Requirement:
Exactly the lines below starting at the line with "本项目采用电子化采购模式,投" and ending at the line with "This is not" are wanted, with both ends included. Leave out the pictures and add no other lines.

Exercise data:

_____

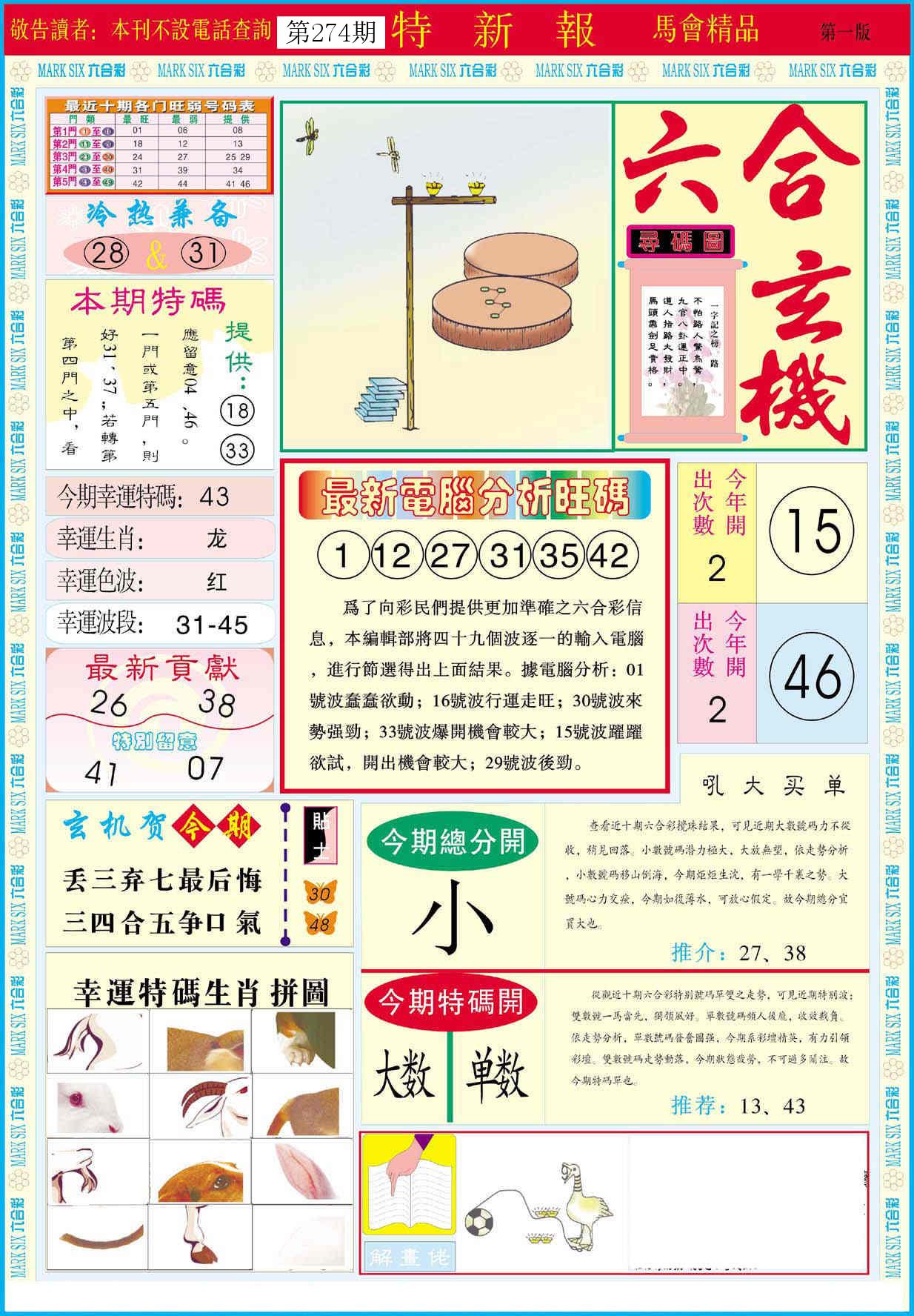 新香港六合彩 第 2025274 期 開獎結果
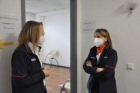 Aschaffenburg/Hösbach. Die ehrenamtliche Vizepräsidentin des Malteser Hilfsdienstes Deutschland Clementine Perlitt war am vergangenen Donnerstag zu Besuch im Impfzentrum in Hösbach und zeigte sich beeindruckt von der Leistung der über 130 Malteser Mitarbeiterinnen und Mitarbeiter, die täglich dort ihren Dienst tun. „Sie sind ein grandioses Team, und das liegt an jedem einzelnen von Ihnen. Hut ab vor Ihrem Engagement“, sagte sie am Ende ihres gut zweistündigen Besuches. Die Leiterinnen des Impfzentrums Anja Brückner und Yvonne Nebel sowie der Malteser Bezirksgeschäftsführer Rainer Kaufmann hatten die Vizepräsidentin durch das Impfzentrum geführt und ihr vom enormen Arbeitsaufwand sowie von der geforderten hohen Flexibilität im Alltag berichtet. „Die Zusammenarbeit mit dem Landratsamt und dem leitenden Arzt ist wunderbar“, betonten die beiden, was auch die Stimmung im Impfzentrum positiv beeinflusse. Da zahle sich die gute Vernetzung aus, die bereits vor der Pandemie mit den Behörden bestanden habe. Das bestätigte auch Frank Wissel vom Landratsamt Aschaffenburg und der Ärztliche Leiter Dr. Jürgen Luxem: „Wir sind sehr froh, dass gerade die Malteser den Job hier machen!“ Clementine Perlitt lobte diese Netzwerkarbeit im Vorfeld: „Das Impfzentrum Aschaffenburg ist ein gutes Beispiel dafür, dass, wenn man lösungsorientiert arbeitet, sich persönlich einbringt und einander wertschätzend begegnet, immer etwas Gutes bei rauskommt, auch wenn die Lage schwierig ist.“ In Aschaffenburg wehe ein Malteser Geist im besten Sinne, so die Malteser Vizepräsidentin. Sie bedankte sich für alle Anstrengungen und bat die Malteser Aschaffenburg: „Erhalten Sie sich Ihren Humor und Ihre Einsatzfreude.
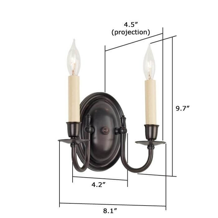 The Glendale Two Light Curved Arm Sconce with electric candles is a traditionally styled lighting fixture. A great choice in pairs for flanking a fireplace or lighting a window seat, or anywhere traditional sconces are needed.
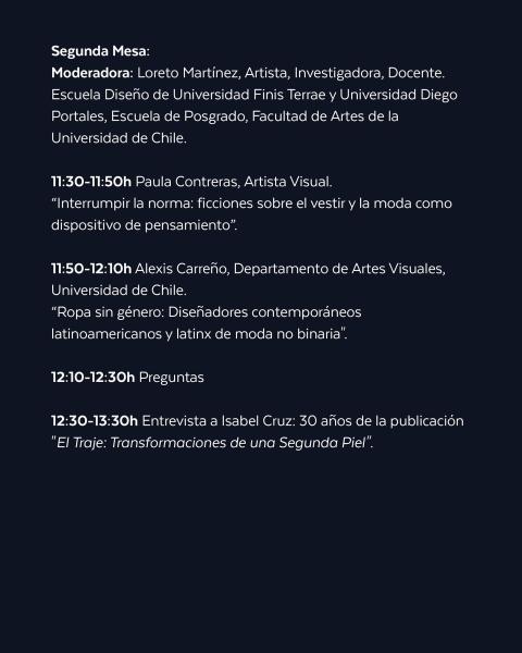 12:30-13:30h Entrevista a Isabel Cruz: 30 años de la publicación "El Traje: Transformaciones de una Segunda Piel".
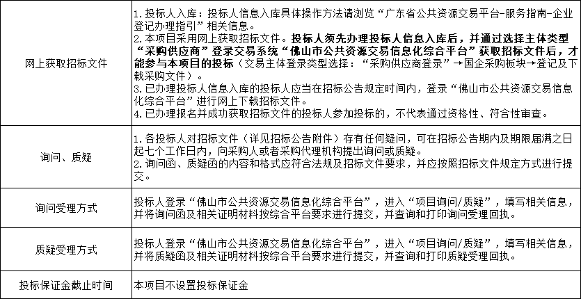 本项目采用电子化采购模式,投标人须按照招标文件要求,登录佛山市公共资源交易信息化综合平台进行网上获取招标文件,并按要求现场递交纸质投标文件。有关操作及要求详见如下:
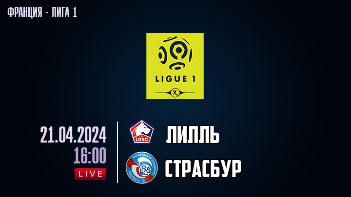 21 апреля 2024 года, состоялась онлайн трансляция футбольного матча между футбольным клубом Лилль и футбольным клубом Страсбур, проходящего в рамках Лиги 1 чемпионата Франция.
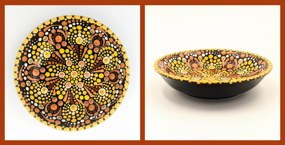 This is not just a dish, it is a little piece of art. Each one is hand-painted with intricate dot mandala designs, making it truly one-of-a-kind. Perfect for holding jewelry, keys, or cherished keepsakes, it adds beauty and personality to any space. Whether for yourself or as a thoughtful gift, this dish is the kind of item you will want to keep forever.
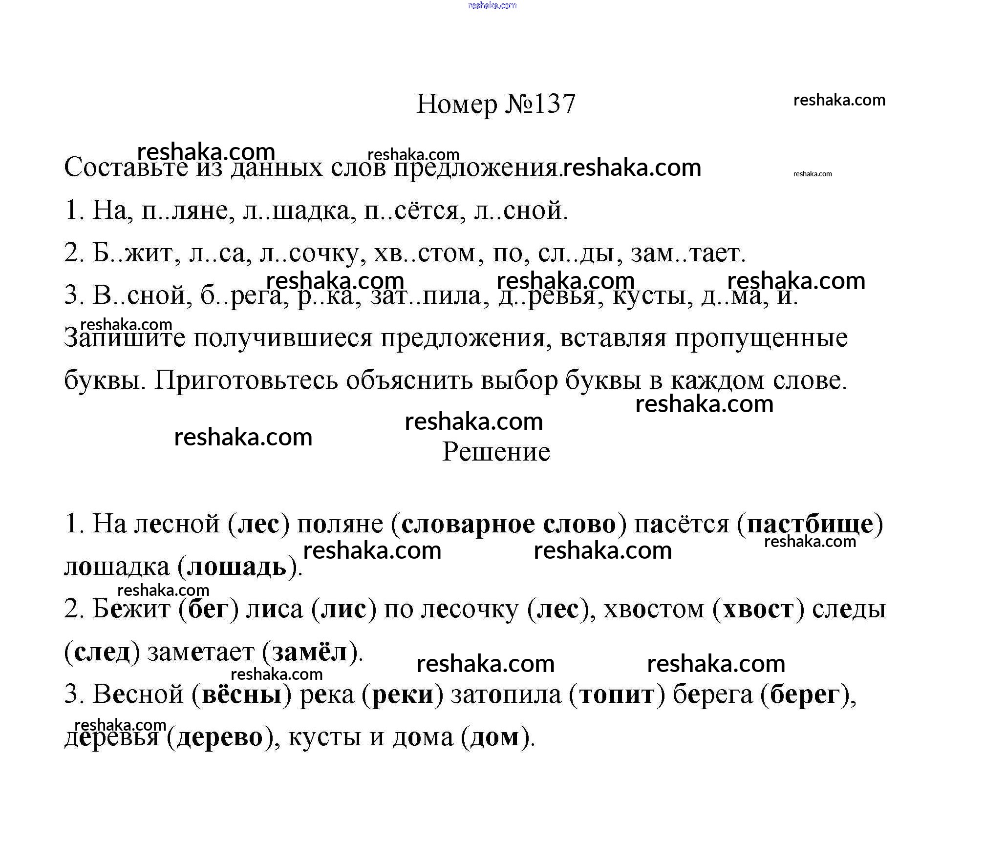Решака - онлайн ответы Русский язык Климанова, Бабушкина за 3 класс Рабочая тетрадь ФГОС 2018 - 137
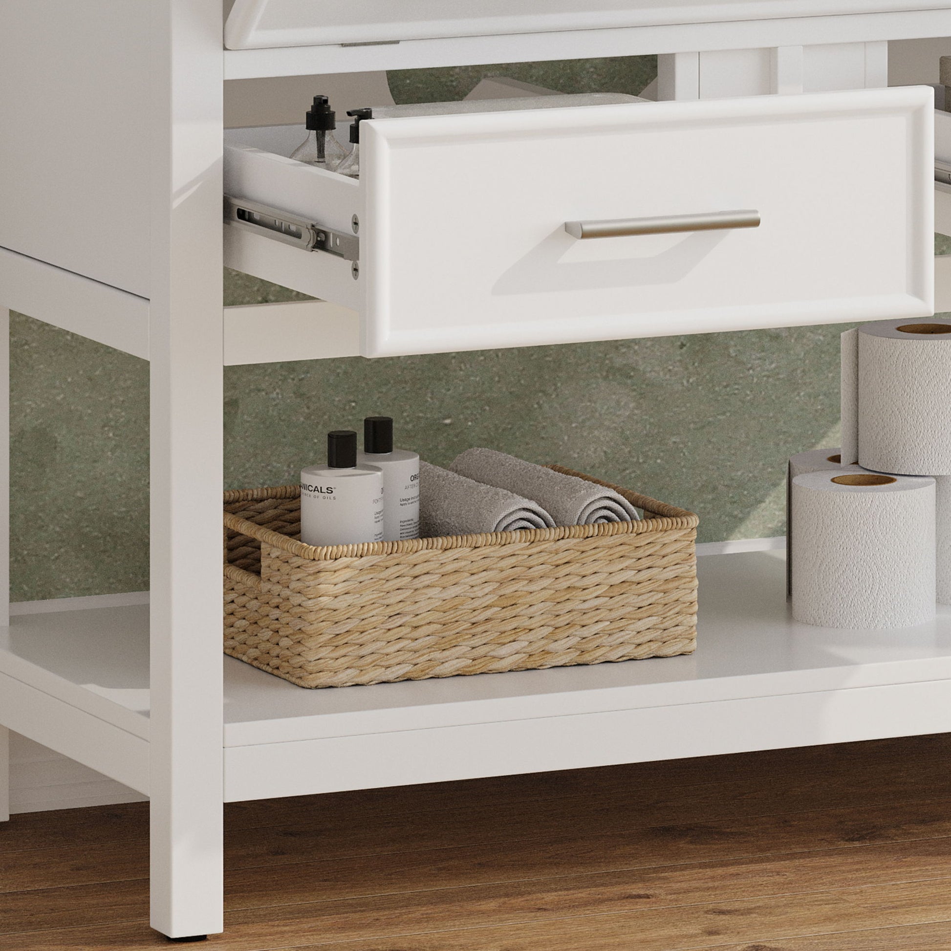 - Smart Storage Layout: Combines a tip-out tray, two full-extension drawers, and an open bottom shelf for organized access to daily essentials and decorative items.
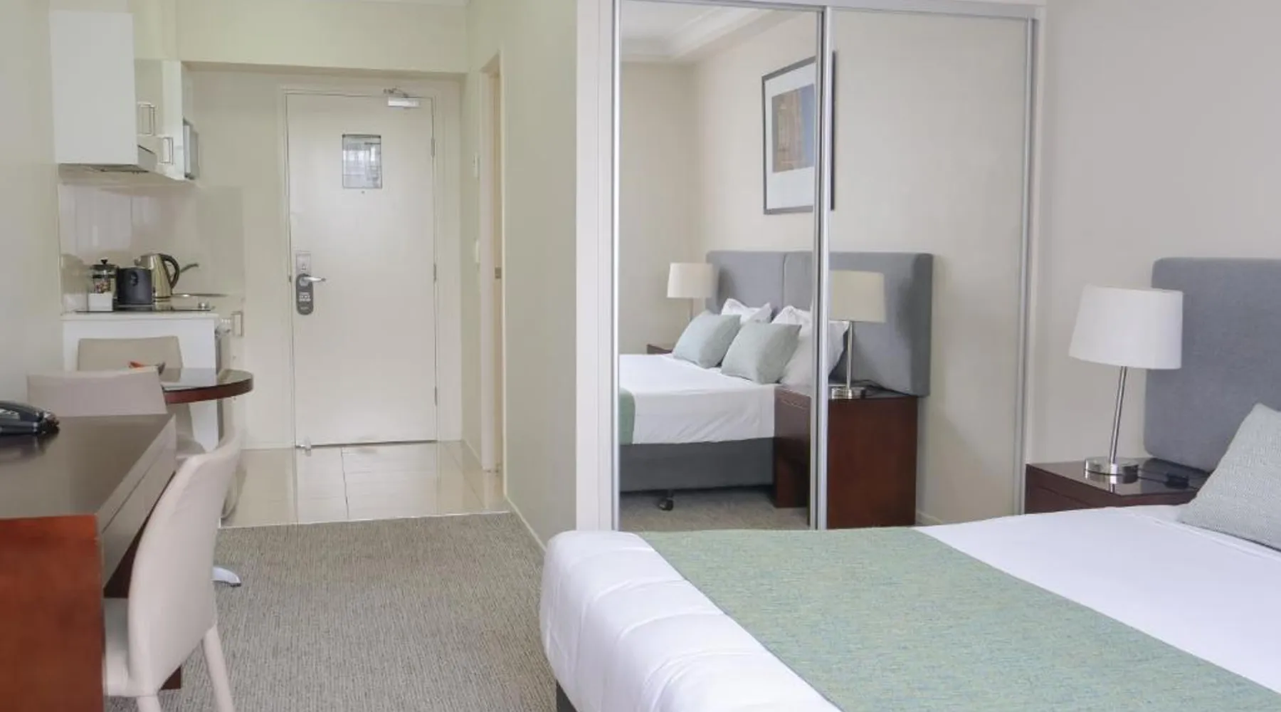 Located just 5 minutes’ drive from the Brisbane CBD and directly opposite the popular Breakfast Creek Hotel, Quest Breakfast Creek features an outdoor pool, fitness center and secure car parking. All apartments feature a full kitchen & balcony, while studios come equipped with kitchenette facilities. All rooms feature a flat screen TV, air-conditioning as well as free Wi-Fi. The property offers an extensive pantry service equipped with local produce and essential items, a complimentary laundry facility, as well as communal BBQ facilities. Quest Breakfast Creek is just 1.9 mi from Eagle Farm & Doomben Racecourses, 3.1 mi from the Brisbane International Cruise Terminal and only 6.2 mi from the Brisbane International & Domestic Airport. Boasting a private entrance, this air-conditioned apartment includes 1 living room, 2 separate bedrooms and 2 bathrooms with a walk-in shower and a bath. Guests will find a stovetop, a refrigerator, a dishwasher and kitchenware in the kitchen, and a washing machine and dryer. The apartment also features a barbecue. This wheelchair accessible apartment has a washing machine, a seating area with a flat-screen TV and a roll-in shower. The unit has 2 beds. Pet friendly on request only - additional fees apply.
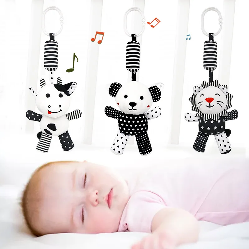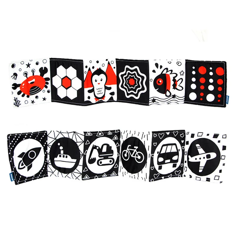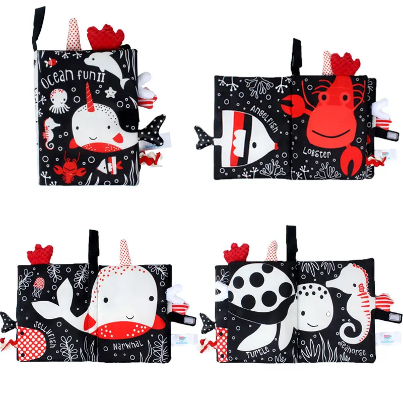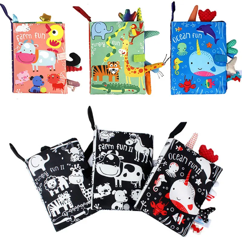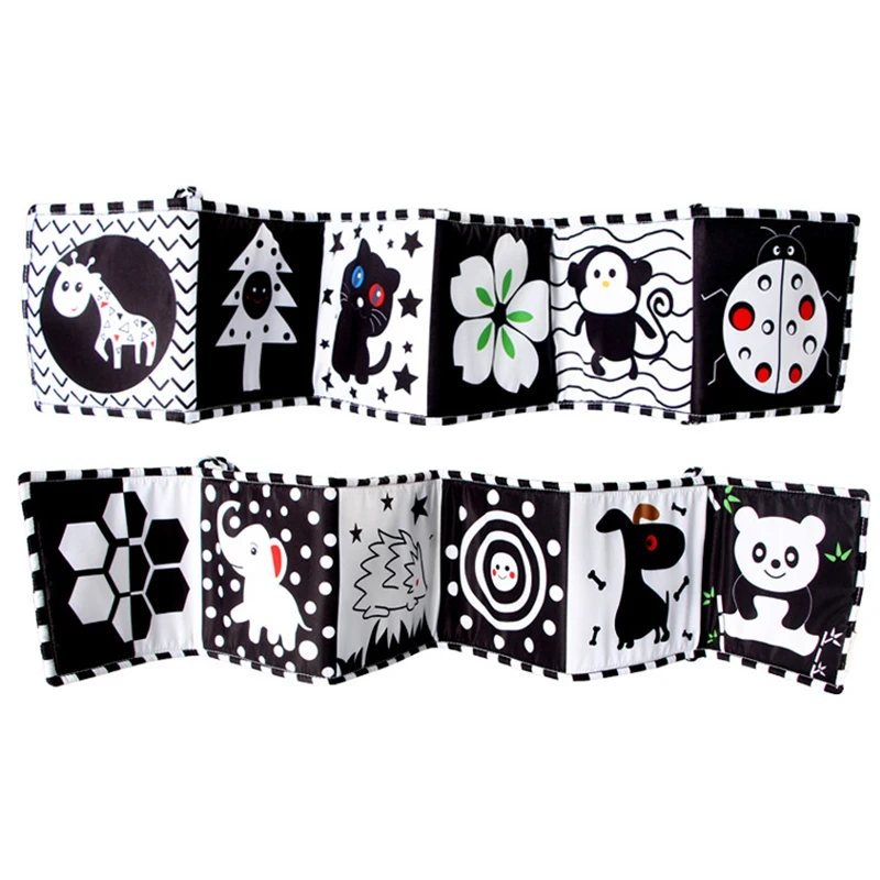 Brinquedos sensoriais para bebês recém-nascidos, livro educacional para berço, preto e branco, brinquedos para bebês, livro de pano animal, brinquedos para bebês de 0 a 12 meses
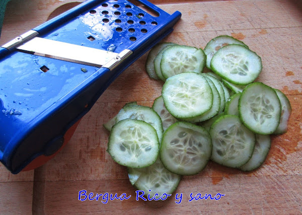 1. Preparamos nuestras verduras. Lavamos el pepino y lo cortamos en láminas muy finitas con ayuda de una mandolina.
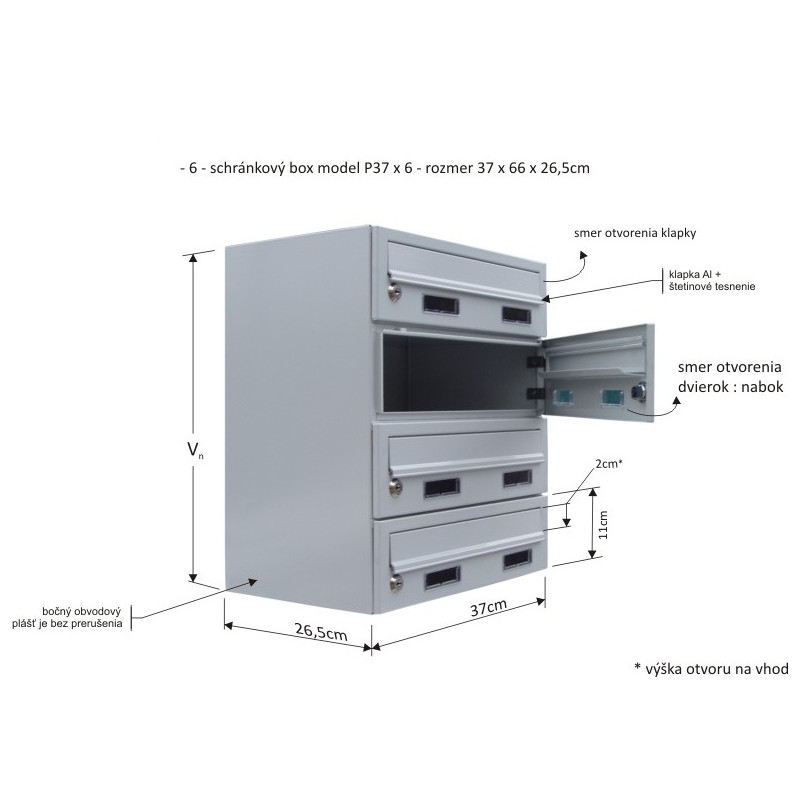 - - 6 - schránkový box model M37/6 - rozměr 37 x 66 x 26,5cm / modul obsahuje 6. schránek
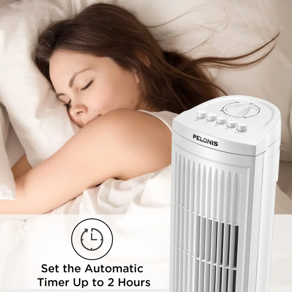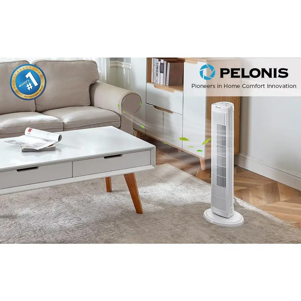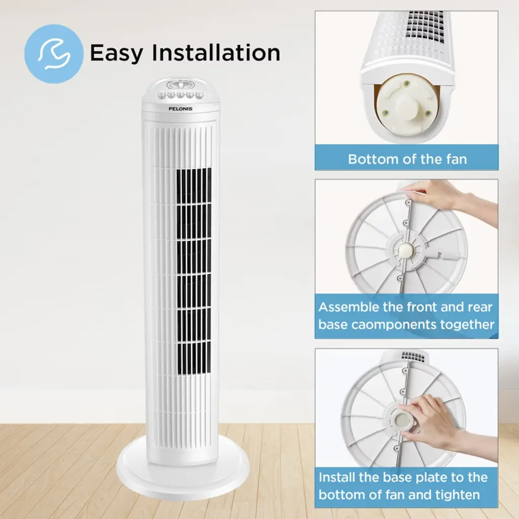 PELONIS 30" 3-Speed Oscillating Tower Fan with 3 Speed Settings and an Auto-Off Timer, Standing Fan, White
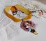 Un ensemble de fleurs accompagnent ce motif comme : clochettes, perles rondes nacrées, fleurs floquées velours, feuilles torsadées, étamines en fil de coton, nœud satin fait-main, rocailles japonaises et tchèques.
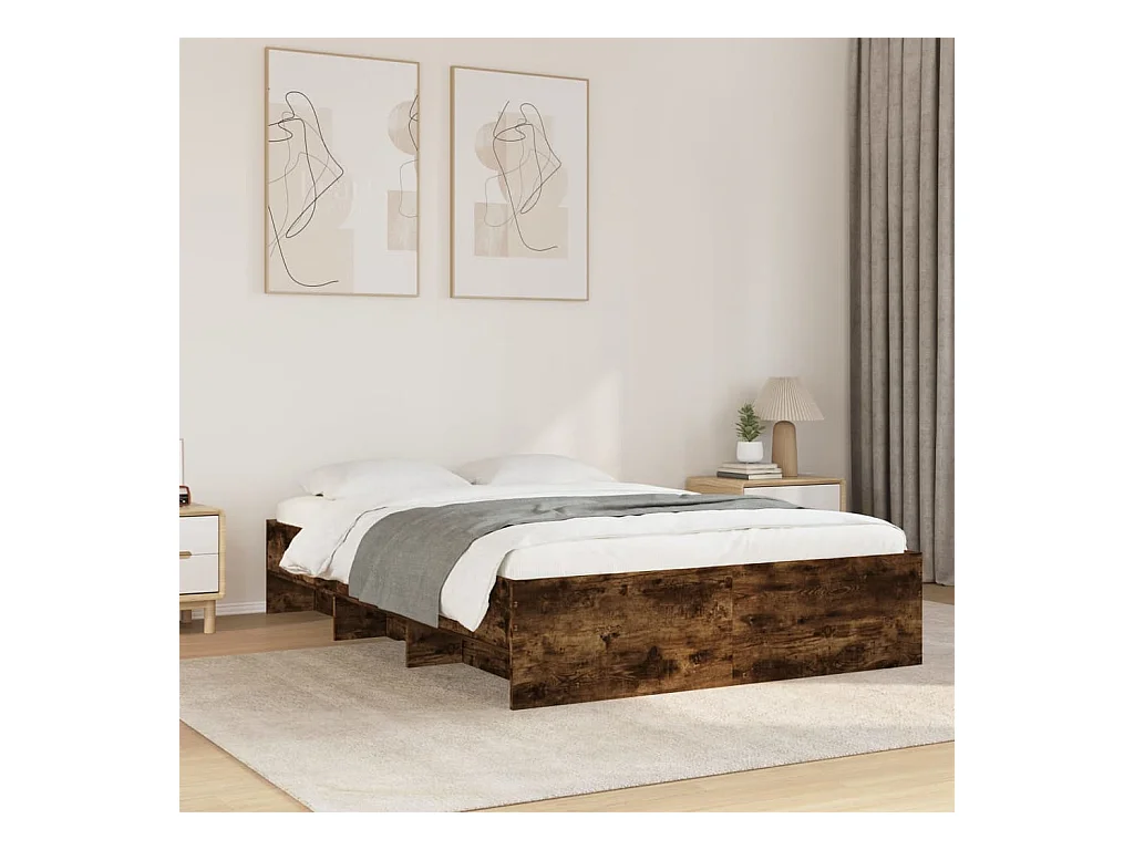 Bettgestell ohne Matratze Räuchereiche 140x190 cm Holzwerkstoff

_____

Answer section:
 本项目采用电子化采购模式,投标人须按照招标文件要求,登录佛山市公共资源交易信息化综合平台进行网上获取招标文件,并按要求现场递交纸质投标文件。有关操作及要求详见如下:
 21 апреля 2024 года, состоялась онлайн трансляция футбольного матча между футбольным клубом Лилль и футбольным клубом Страсбур, проходящего в рамках Лиги 1 чемпионата Франция.
 This is not just a dish, it is a little piece of art. Each one is hand-painted with intricate dot mandala designs, making it truly one-of-a-kind. Perfect for holding jewelry, keys, or cherished keepsakes, it adds beauty and personality to any space. Whether for yourself or as a thoughtful gift, this dish is the kind of item you will want to keep forever.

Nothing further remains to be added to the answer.